The number of hungry people has increased in the Asia-Pacific region

Rome-. The number of hungry people in Asia and the Pacific has risen by more than 50 million since the arrival of COVID-19, according to a joint FAO/UNICEF report published here today.

The report of the Food and Agriculture Organization of the United Nations (FAO) and the United Nations Children’s Fund (UNICEF), highlights that the food security and nutrition situation in the region has worsened and that more than 375 million people faced hunger in 2020, and more. 54 million from the previous year.

A statement by the Food and Agriculture Organization of the Asia-Pacific Regional Panorama of Food Security and Nutrition 2021 states that in that part of the world more than one billion people were denied adequate food in 2020, an increase of nearly 150 million. In just one year.

As the text comments, the high cost of a healthy diet and high levels of poverty and income inequality put healthy diets beyond the reach of 1.8 billion people.

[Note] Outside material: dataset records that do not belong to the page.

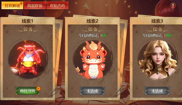 活动内容:活动期间内,参与狂欢解谜、捣蛋胖福、欢焰齐鸣,可获得红包、钻石、庆典烟花等诸多福利奖励。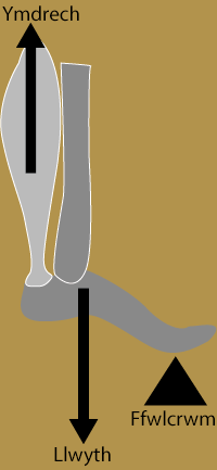 echelin saethol – mae hon yn mynd o’r blaen i gefn y corff, er enghraifft, pan fydd person yn cyflawni olwyn dro.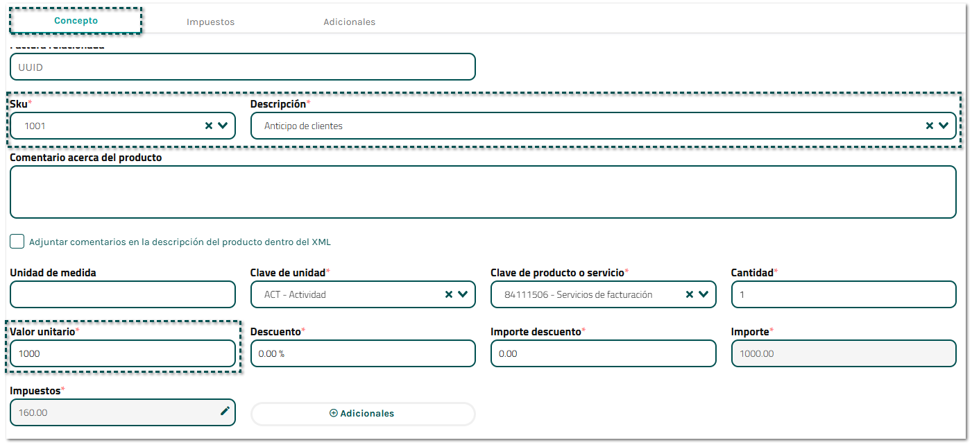 Al crear dicho documento, agrega una partida y añade el Servicio de "Anticipo de clientes", captura en el campo "Valor unitario" el importe de $1,000 + I.V.A. = $1,160.00.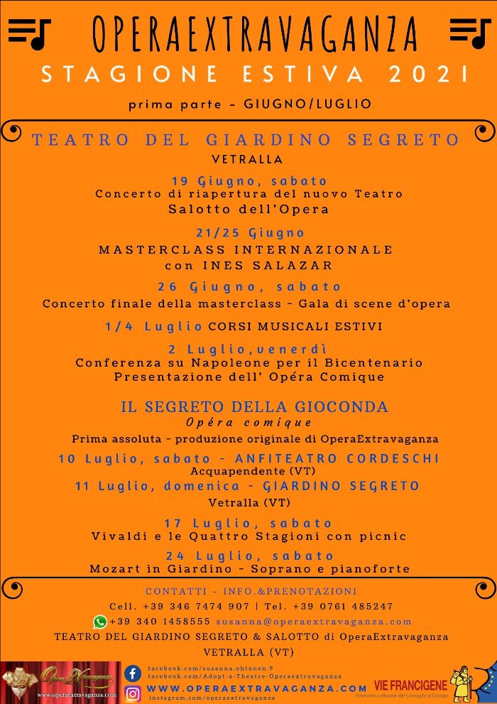 Sabato 19 giugno alle ore 21.00 si riapre la stagione estiva di OperaExtravaganza nel Teatro del Giardino Segreto all’aperto a Vetralla.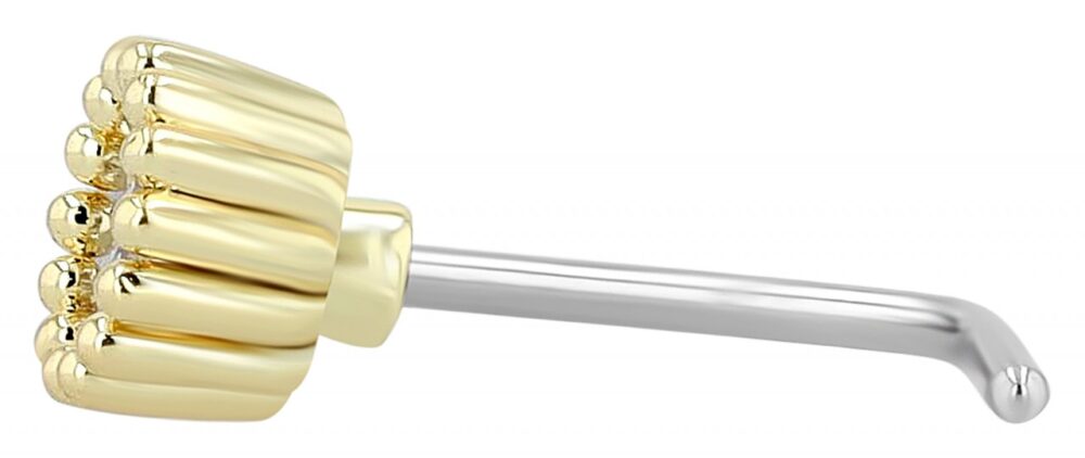 O piercing de nariz na popular forma de L para um ajuste confortável e seguro.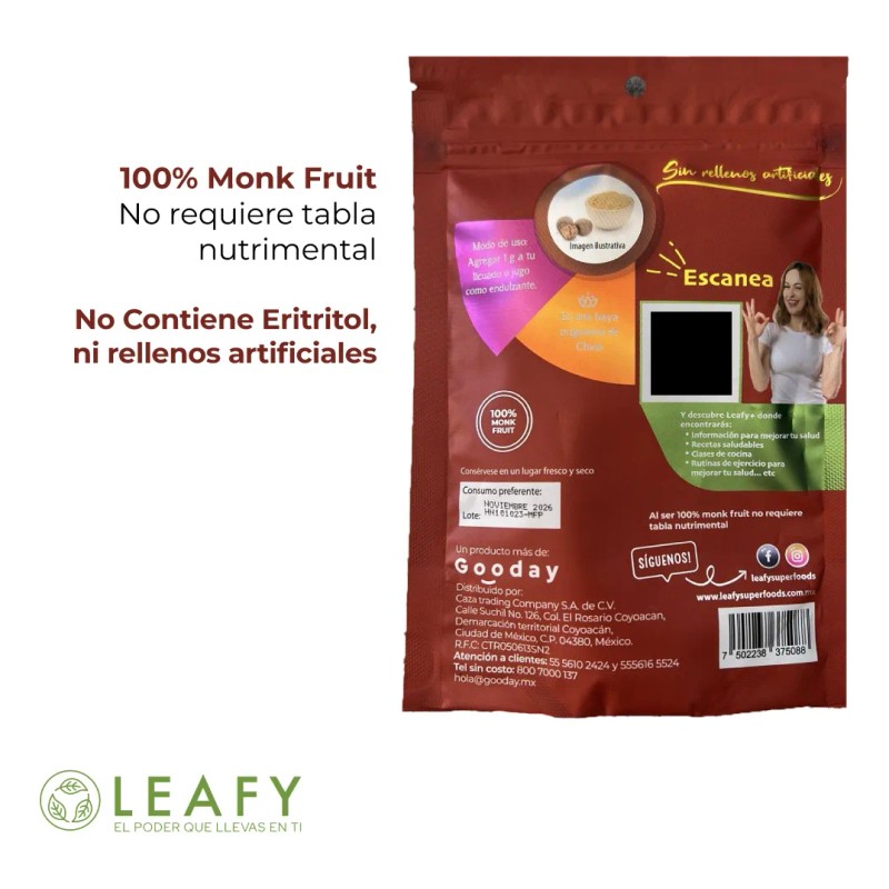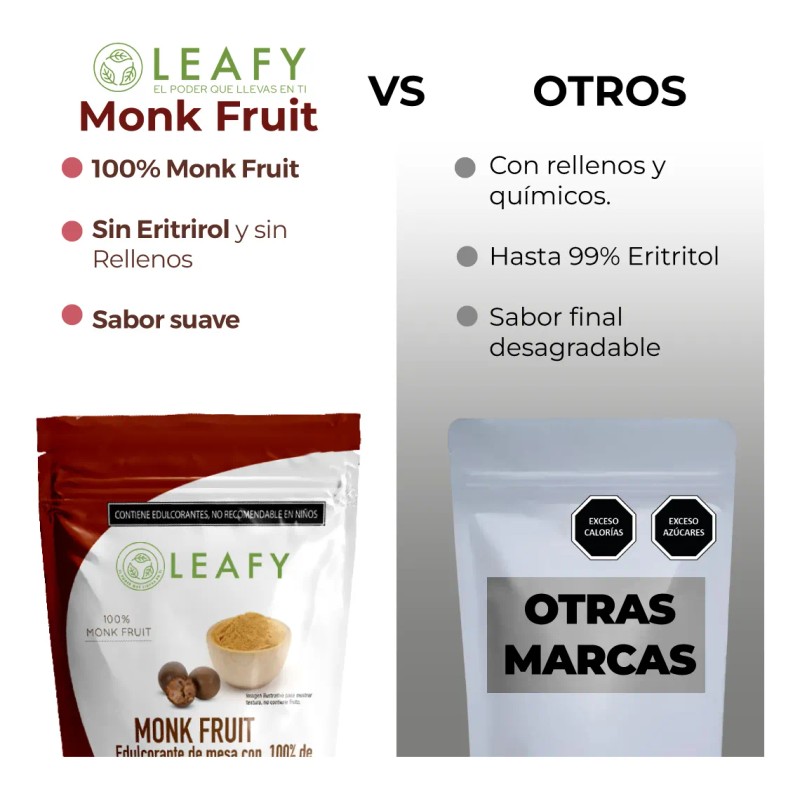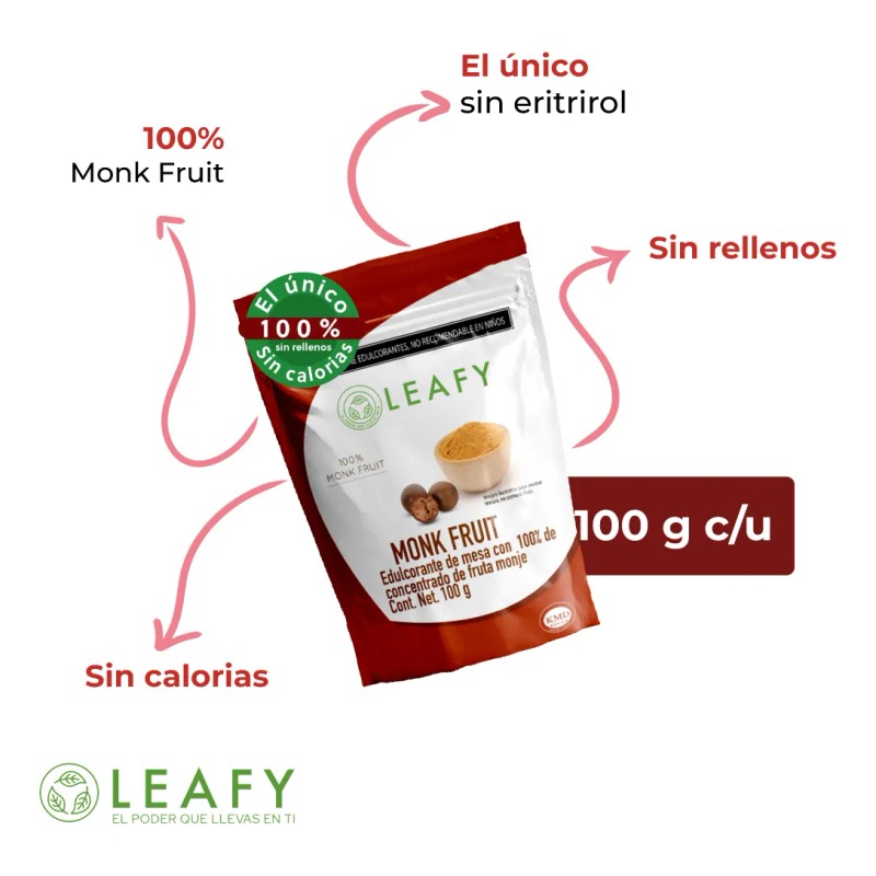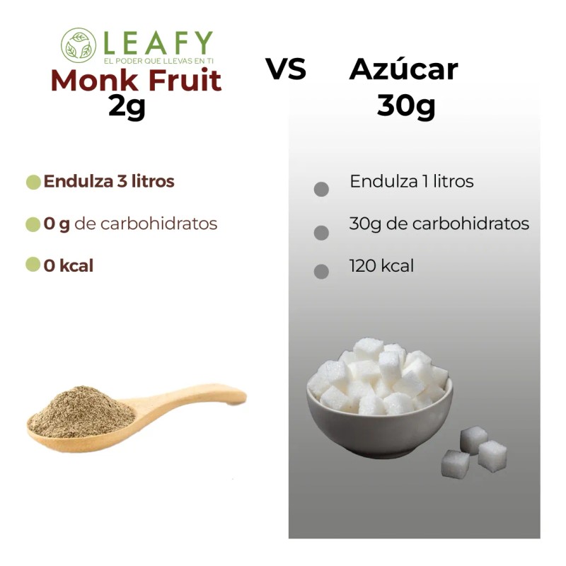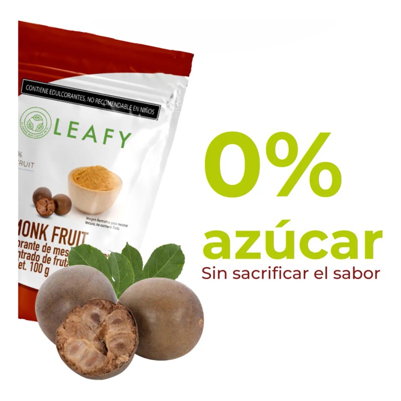 Disfruta del dulzor natural sin culpa con Monk Fruit Leafy, un endulzante 100% puro de fruto del monje, sin mezclas ni aditivos como eritritol. Perfecto para personas que siguen dietas keto, low carb, diabéticos o quienes buscan evitar el azúcar refinada. No eleva la glucosa en sangre y tiene 0 calorías, siendo ideal para cocinar, hornear o endulzar bebidas.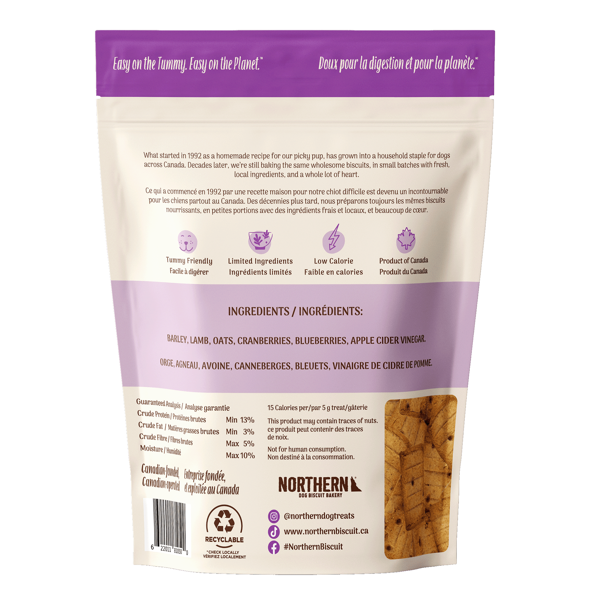 Made with free-roaming New Zealand lamb, this best-selling recipe is a healthy, easily digestible alternative to beef. Gentle on sensitive stomachs, lamb makes these treats easy to enjoy for even the most sensitive pups. Baked in small batches with our signature Northern CRUNCH™ and naturally preserved, these biscuits are just 15 calories per 5 g treat and perfect for pet parents who love simple, wholesome ingredients.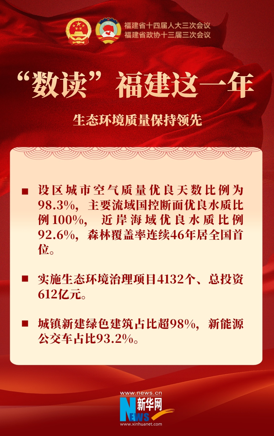 新华网福州1月13日电(刘丰 袁羽)提交福建省十四届人大三次会议审议的政府工作报告指出,2024年,福建生态环境质量保持领先,绿色低碳发展纵深推进,生态治理体系更加健全,生态优先绿色发展之路越走越宽。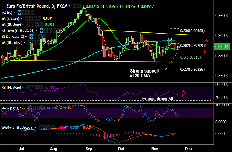 Support levels - 0.8881 (5-DMA), 0.8864 (20-DMA), 0.8811 (Nov 10 low)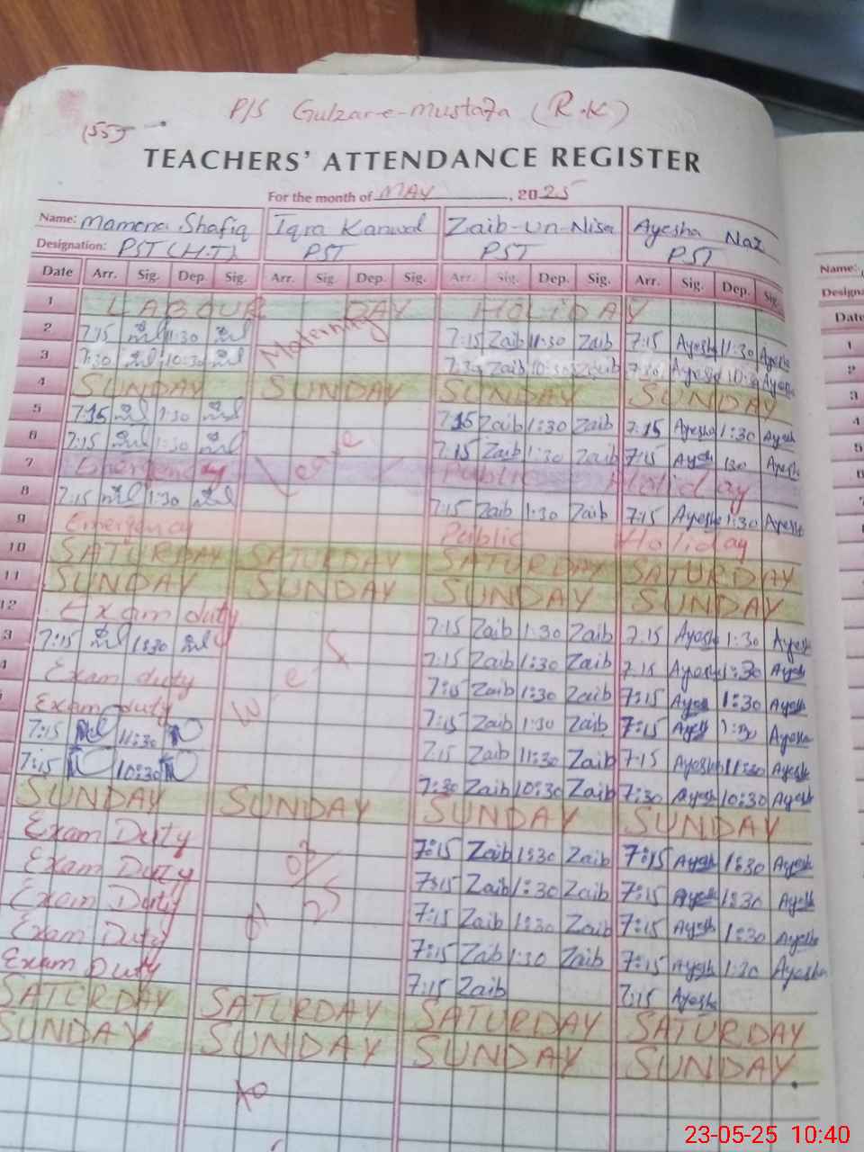 | 35**** | Ma**** Sh**** | PST | Regular | 0 | 0 | 0 | 0 | 0 | 0 | 0 | 0 | 0 | Exam Duty |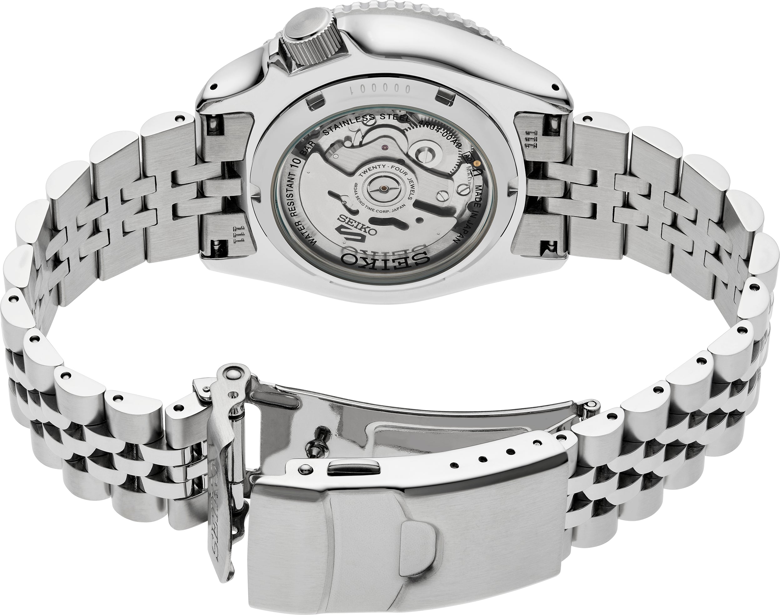 Seiko 5 Sports SKX Sports Style GMT Series. Adding new richness to classic sport/dress design, this dynamic watch offers a new variation on the popular “SKX” style. Equipped with automatic technology that you control with every movement, this versatile watch is powered by a 24-jewel movement that beats at a frequency of 21,60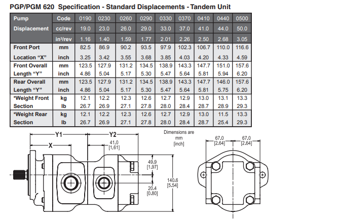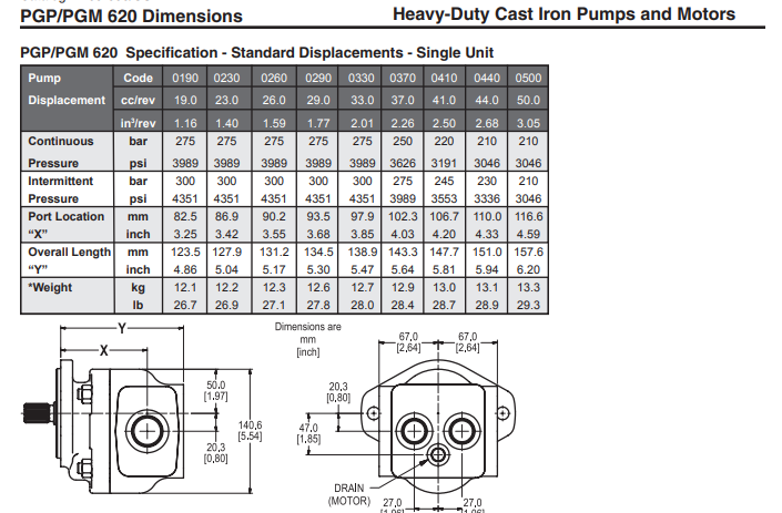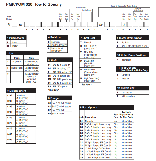 單個Parker PGP620系列泵有12種排量,從16cc / rev到52cc / rev:PGP620A-0160 | PGP620A-0190 | PGP620A-0230 | PGP620A-0260 | PGP620A-0290 | PGP620A-0330 | PGP620A-0360 | PGP620A-0370 | PGP620A-0410 | PGP620A-0440 | PGP620A-0500 | PGP620A-0520

Covid-19 has exacerbated the negative trend witnessed in the region in recent years, in the reduction of the number of undernourished people and the prevalence of some nutritional indicators, such as stunting in children under the age of five.

The report acknowledges that the situation could have been worse “had it not been for the response of governments and the impressive social protection measures they have implemented during the crisis”.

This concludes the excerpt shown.